C приходом Энгельгардта появилось в Лицее новшество, которое
чрезвычайно обрадовало воспитанников. Им разрешили в свободные часы
отлучаться из Лицея. Сперва лишь по праздникам и только по «билетам»,
потом безо всяких «билетов» и в будние дни. В пределах Царского Села они
могли бывать, где хотели.
Теперь синие мундиры с красными воротниками видели
повсюду — на оживленных центральных улицах городка и в тихих уголках,
напоминающих деревню и далекую провинцию. Где только собирались
гуляющие, появлялись и лицеисты. Их так и называли: «неизбежный Лицей».
Когда воспитанники ближе познакомились с жизнью
«казенного городка», они заметили многое. Кое-что попало и в «Лицейский
Мудрец». «Однажды, — говорилось в его статье „Политика", — как солнце
только что начинало освещать наш город и проникать в одно время и к
глупейшему писарю царскосельской юстиц-коллегии, к модной Венере и к
рогатому мужу ее, в Минервин храм и другие обиталища Бахуса и Меркурия , шел я, то есть Лицейский мудрец, по Большой улице
Царского Села. Я шел и смотрел на волнующийся народ, невольно думая о
сравнении, которое можно было бы сделать меж ним и ручьем мутной воды,
текущим тогда по улице растаявшего снега. Подобно этому, думал я, ручью,
человек родится слабым, возрастает часто в худом воспитании так, как
ручей течет в грязи, и, подобно ручью, быстротекущему через решетку в
канаву, он низвергается в неизмерную пропасть вечности. Вот, например,
прохожу мимо хотя не высокого, но разукрашенного дома, смотря на эти
золотые крендели, на эти вензели, на эту золотую надпись I. H. Rodax . Как не подумать, что он человек счастливый. Находясь
на верху булочной славы, он питается самыми искусно сделанными тортами,
куличами, пасхами, а тысячи смертных не имеют куска хлеба».
Царское Село. Вид на город с Павловской дороги. Литография В. Лангера. 1820 год.
Пушкин по свойствам своего ума пытливее и зорче
других присматривался к окружавшей его жизни. Его занимало все — и
прошлое, и настоящее Царского Села. Настоящее видел он сам, прошлое знал
по рассказам.
Рассказывали ему, что когда-то вокруг Большого
дворца и парка возникла слобода, где селились мастеровые, подрядчики,
архитекторы, художники, придворные служители, войсковые команды. Те, кто
так или иначе кормился дворцовой службой. Недаром первая улица слободы
называлась Служительская.
Для служителей поважнее отводили жилища в казенных
каменных домах. Служители попроще обстраивались сами.

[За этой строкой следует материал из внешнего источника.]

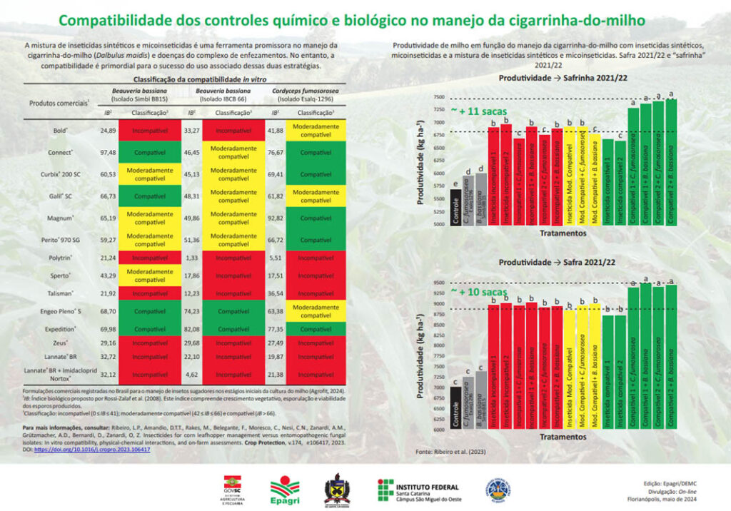 Publicações da Epagri também avaliam a eficácia de inseticidas para o controle da cigarrinha-do-milho. O Tratamento de sementes de milho para o inseto vetor, realizado em ensaios em casa-de-vegetação e em campo, mostram que imidacloprido e sua combinação com tiodicarbe apresentaram controle satisfatório nos primeiros estágios após a emergência da planta. No entanto, nenhum tratamento isolado diminuiu a incidência das doenças transmitidas pela cigarrinha nem aumentou a produtividade, mostrando que outras medidas de manejo devem ser aliadas ao tratamento de sementes. Pesquisas recentes avaliaram a eficácia de diferentes inseticidas, comparando produtos químicos e bioinseticidas de origem biológica. Os resultados mostraram que a maioria das misturas entre inseticidas e micoinseticidas (fungos entomopatogênicos) apresenta compatibilidade fisiológica, permitindo seu uso conjunto em misturas de tanque (Crop Protection 2023; Crop Protection 2025) (Figura).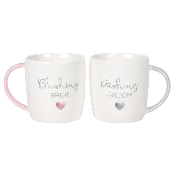 Engaged couples and newlyweds will appreciate this sweet mug set meant just for them. 'Blushing Bride' and 'Dashing Groom' text is accented by pastel pink and light grey, making it a perfect wedding gift to celebrate a happy couple. Microwave and dishwasher safe. Product Dimensions: H9cm x W12cm x D8.5cm Packaged Dimensions: H9.5cm x W25cm x D10.5cm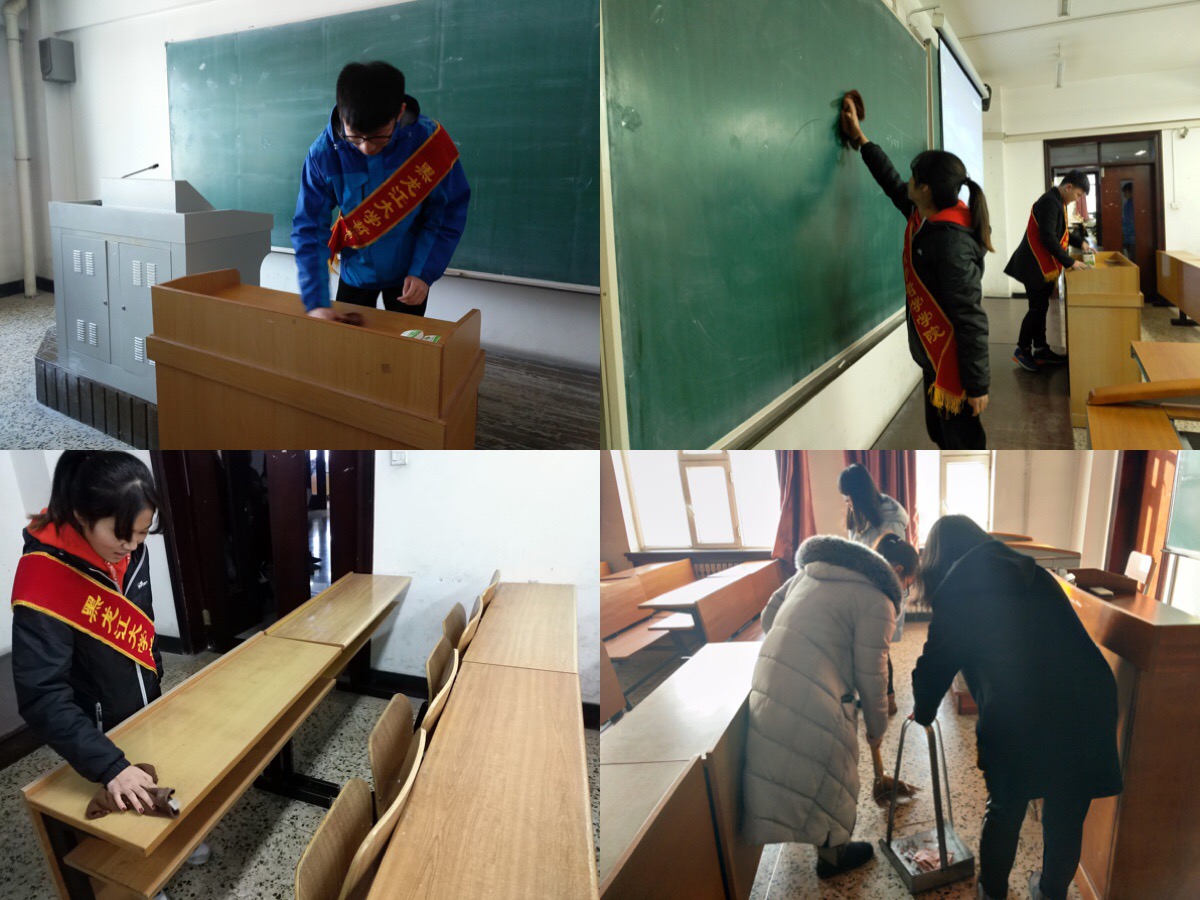 寒假结束,迎来崭新的春季学期。为了给同学们营造良好的学习环境,尽快适应新学期的学习生活,同时积极响应学校深入开展学雷锋活动的号召,进一步弘扬雷锋精神,2017年2月27日早7时,yl6809永利集团青协志愿者们在同学们上课之前分别来到汇文楼427、477、555等多个教室进行了志愿清扫活动。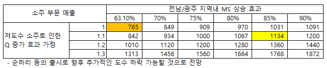 2. 기존 참이슬 fresh 등 광주/전남 저도수 시장을 뺏어올 수 있다.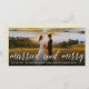 Cette carte moderne et minimaliste de vacances/mariage de Noël de 8" x 4" présente le mot "Joyeux et Marié" dans une simple calligraphie en écriture blanche superposant une photo de fond de sang. L'arrière comprend un motif de snowdots complet, une photo instantanée et un message de vacances personnalisable. L'arrière - plan de base peut être changé en n'importe quelle couleur de votre choix. Tout / La plupart du texte est modifiable. Illustration de fat*fa*tin. Facile à personnaliser avec votre propre message texte, nom, photo ou image. D'autres styles de police, filtres photo et fonctions d'édition sont disponibles sur la page "modifier la conception". ・ ・ ・ ・ ・ ・ ・ ・ ・ www.zazzle.com/fatfatin_blue_knot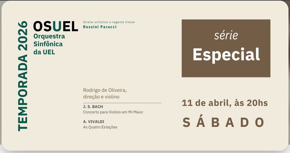 Nos dias 10 e 11 de abril, a OSUEL apresenta o primeiro concerto da Série Especial 2026, com um programa dedicado ao esplendor da música barroca.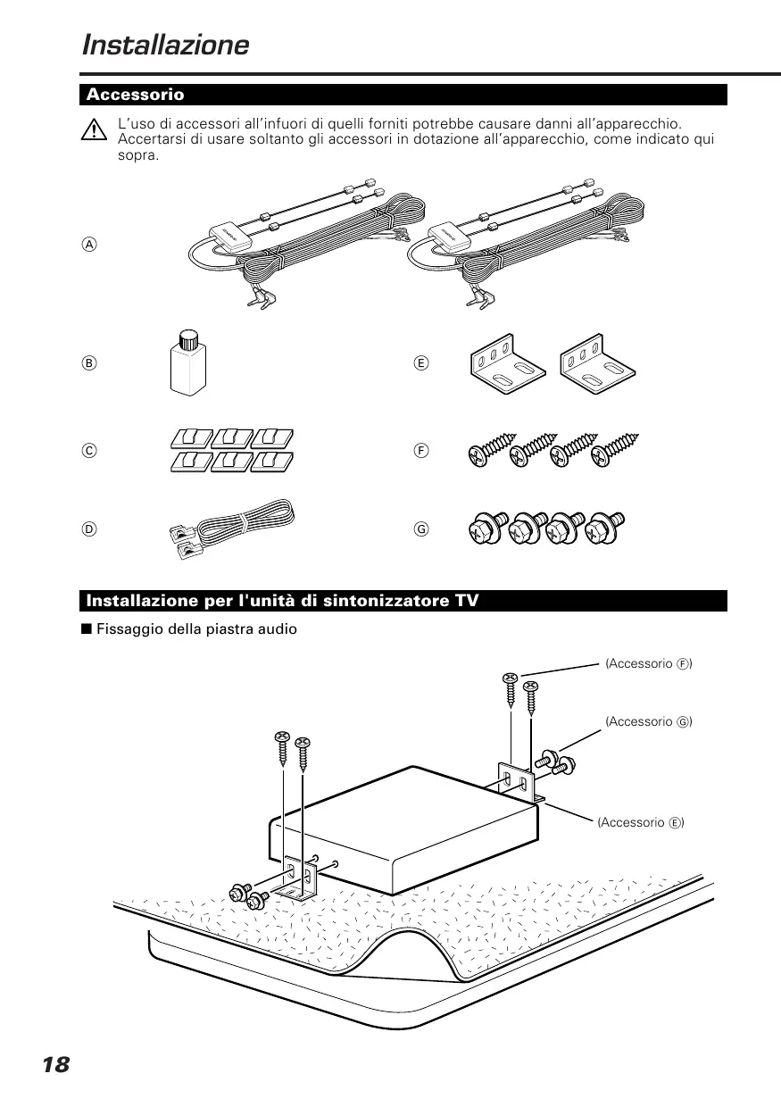 Installazione per l'unità di sintonizzatore TV ■ Fissaggio della piastra audio (Accessorio F) (Accessorio G) (Accessorio E)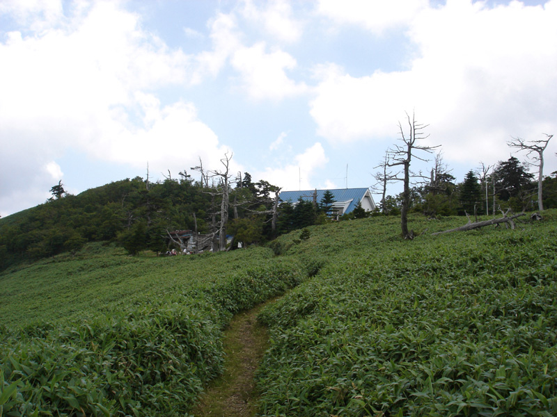 しばらく歩き、樹林帯を抜けて笹原に出たら、ヒュッテはすぐ近く……と思っていたのだが、笹原に出てから15分くらい歩いたな… ようやくヒュッテが見えてきた。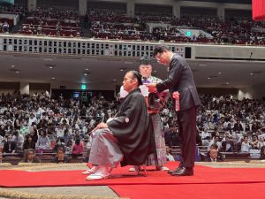 貴景勝関の断髪式に参加し、髷にハサミを入れさせていただきました

Поселились в
слободе с разрешения начальства купцы, цирюльники, аптекари, портные,
булочники, повивальные бабки. И вырос постепенно небольшой красивый
городок, застроенный по плану. К началу XIX века имел он форму
прямоугольника, прорезанного широкими прямыми улицами, на которых стояли
приглядные домики с колоннами, балкончиками, мезонинами. А вокруг них —
сады. Были тут больница и богадельня, училище, лавки со съестными
припасами и другим товаром. И во множестве — полосатые будки для
блюстителей порядка. Как-никак не заштатный городишко, где из грязи ноги
не вытащишь, а императорская резиденция, Царское Село…
Городок Пушкину нравился. Он и в стихах с удовольствием изображал себя жителем подобного тихого уголка:
Философом ленивым,
От шума вдалеке,
Живу я в городке,
Безвестностью счастливом…
Здесь добрый твой поэт
Живет благополучно;
Не ходит в модный свет;
На улице карет
Не слышит шум докучный;
Здесь грома вовсе нет;
Лишь изредка телега
Скрипит по мостовой…
В декабре 1815 года Пушкин записал в своем дневнике: «Летом напишу я Картину Царского Села.
1. Картина сада.
2. Дворец. День в Царском Селе.
3. Утреннее гулянье.
4. Полуденное гулянье.
5. Вечернее гулянье.
6. Жители Сарского Села».
Ни летом 1816 года, ни позднее Пушкин не выполнил
своего намерения. Но из записи ясно, что если бы выполнил, то совсем
иначе, чем, например, в торжественной оде «Воспоминания в Царском Селе».
Там — героическое прошлое, здесь — обыденное настоящее. И главное, не
пейзаж и чертоги, а люди.
Недаром особо выделен последний пункт записи — «Жители Сарского Села».
Кто ж они были, жители Царского, или, по-старинному, Сарского, Села, о которых собирался писать Пушкин?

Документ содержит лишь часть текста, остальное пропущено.